═══ Available data
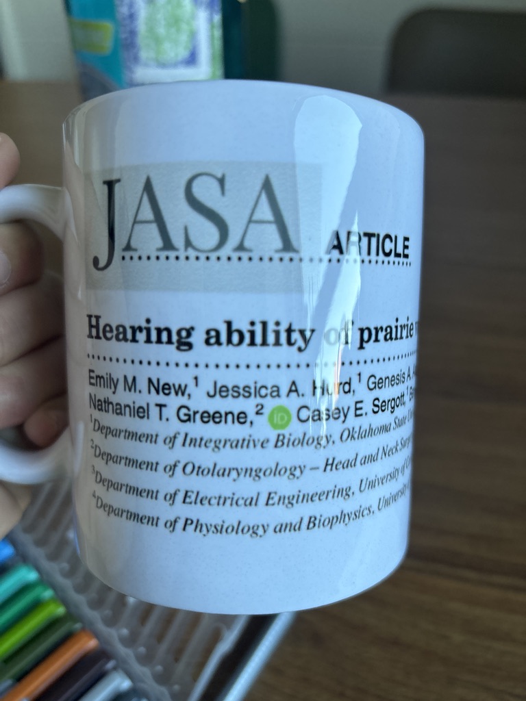 We finally got our first paper on prairie voles out of the lab! Spearheaded in the early days by undergraduate researcher Margaret New (who graduated and is hopefully going to crush PA school in the future). Support from many folks in the lab including Jesse, Gen, Peyton, Cameron, and Casey. Not to leave out folks at CU Anschutz/Denver including Nate Greene, Tim Lei and Ben-zheng Li. Check out the full paper here – https://pubs.aip.org/asa/jasa/article/155/1/555/3061584/Hearing-ability-of-prairie-voles-Microtus
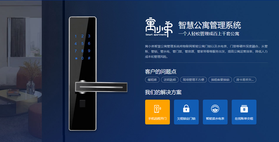 以上就是【 寓小弟智慧公寓管理系統,智能公寓管家】http://www.9918682.cn/xwzx/cjwt/307.html的相關內容, 文本由寓小弟智能鎖整理發布,如需轉載,請帶上本站鏈接。
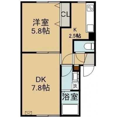 1LDK(36.36m²)└ 2階:LD7.8帖 K2.5帖 洋室5.8帖
══════
Aim of the exercise:
Restating the data word for word is the task, and pictures are to be omitted.

Task output:
 We finally got our first paper on prairie voles out of the lab! Spearheaded in the early days by undergraduate researcher Margaret New (who graduated and is hopefully going to crush PA school in the future). Support from many folks in the lab including Jesse, Gen, Peyton, Cameron, and Casey. Not to leave out folks at CU Anschutz/Denver including Nate Greene, Tim Lei and Ben-zheng Li. Check out the full paper here – https://pubs.aip.org/asa/jasa/article/155/1/555/3061584/Hearing-ability-of-prairie-voles-Microtus
 以上就是【 寓小弟智慧公寓管理系統,智能公寓管家】http://www.9918682.cn/xwzx/cjwt/307.html的相關內容, 文本由寓小弟智能鎖整理發布,如需轉載,請帶上本站鏈接。
 1LDK(36.36m²)└ 2階:LD7.8帖 K2.5帖 洋室5.8帖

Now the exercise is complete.